Return the listing below verbatim. Pictures do not belong in the copy.

*DATA SECTION*
________________________________________
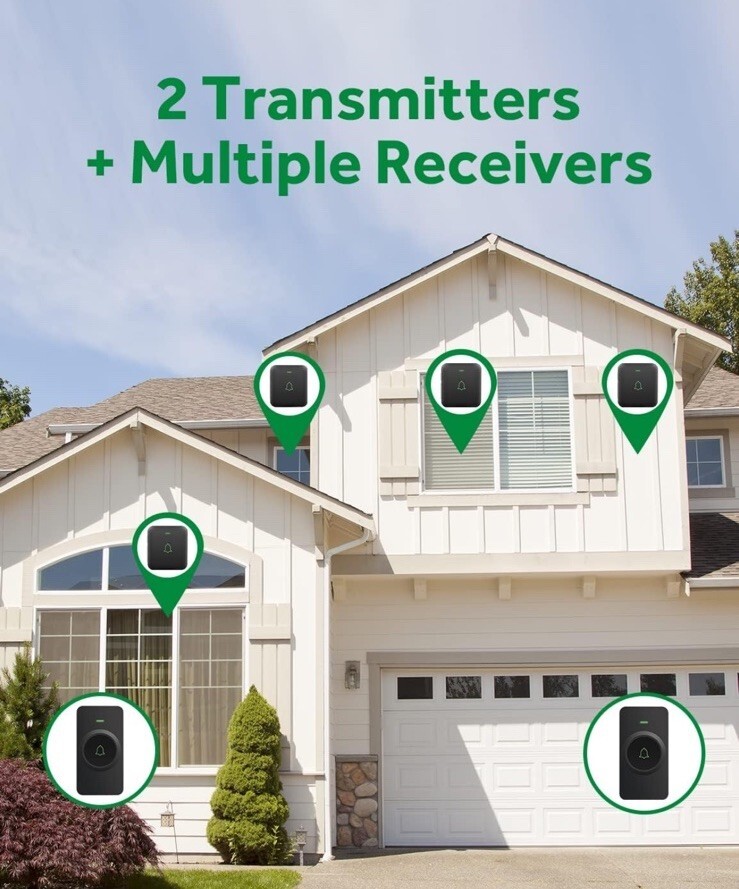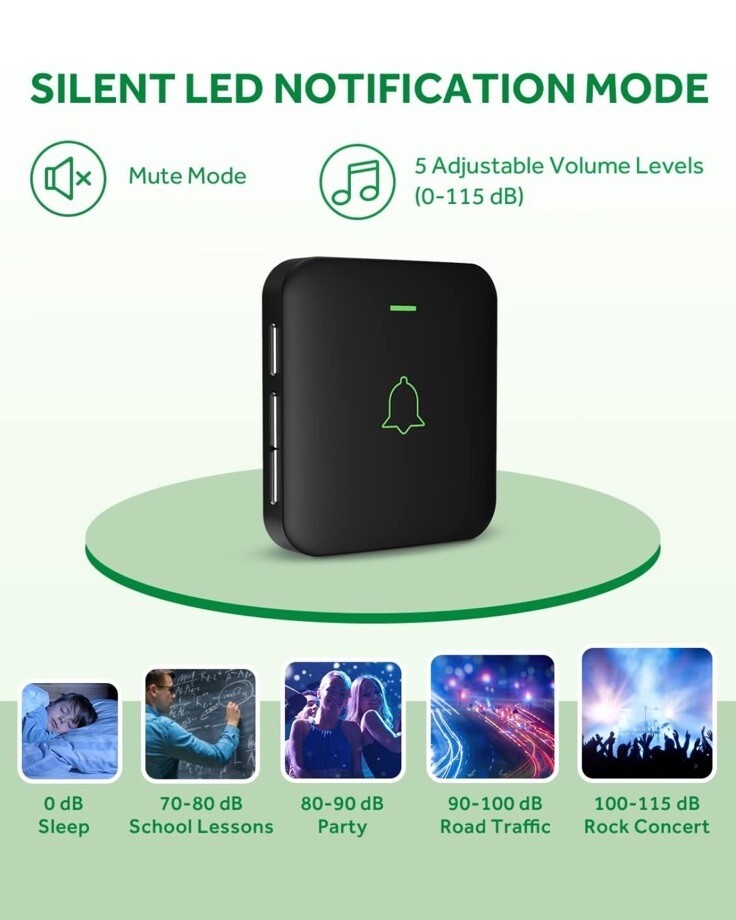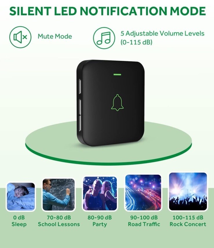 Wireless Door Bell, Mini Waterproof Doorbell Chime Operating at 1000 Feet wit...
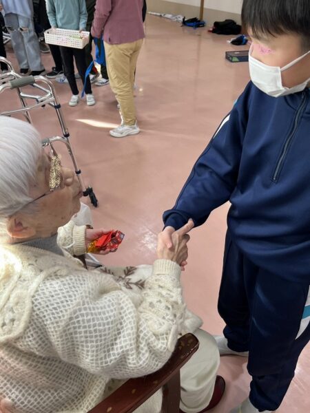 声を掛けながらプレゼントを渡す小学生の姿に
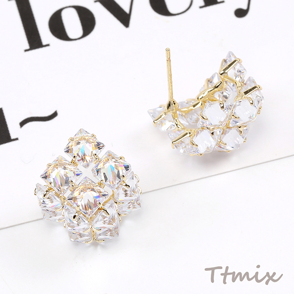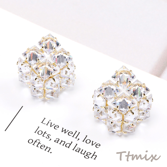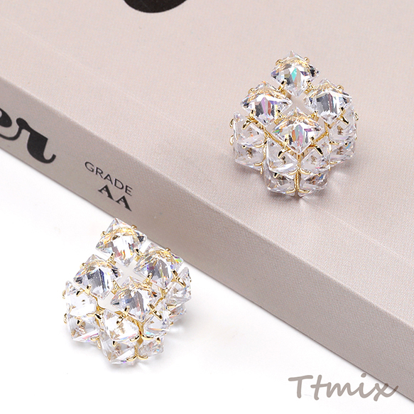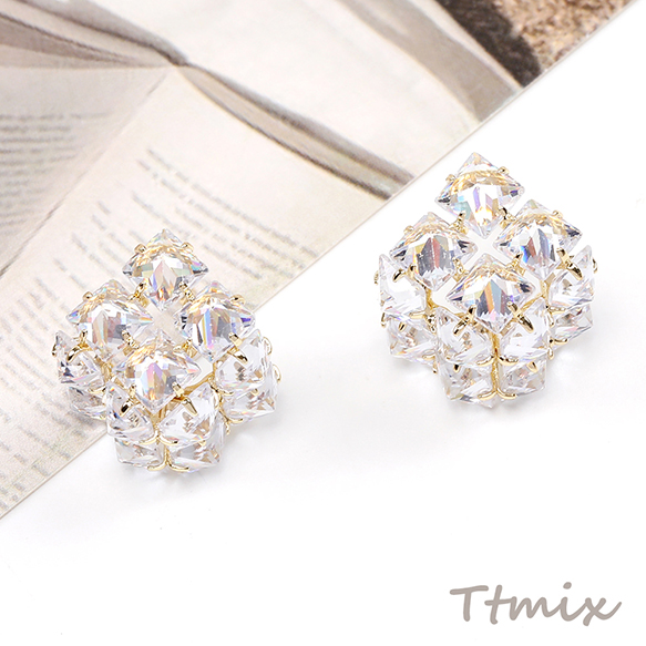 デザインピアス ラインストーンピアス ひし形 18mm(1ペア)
________________________________________
*EXPECTED ANSWER*
 Wireless Door Bell, Mini Waterproof Doorbell Chime Operating at 1000 Feet wit...
 声を掛けながらプレゼントを渡す小学生の姿に
 デザインピアス ラインストーンピアス ひし形 18mm(1ペア)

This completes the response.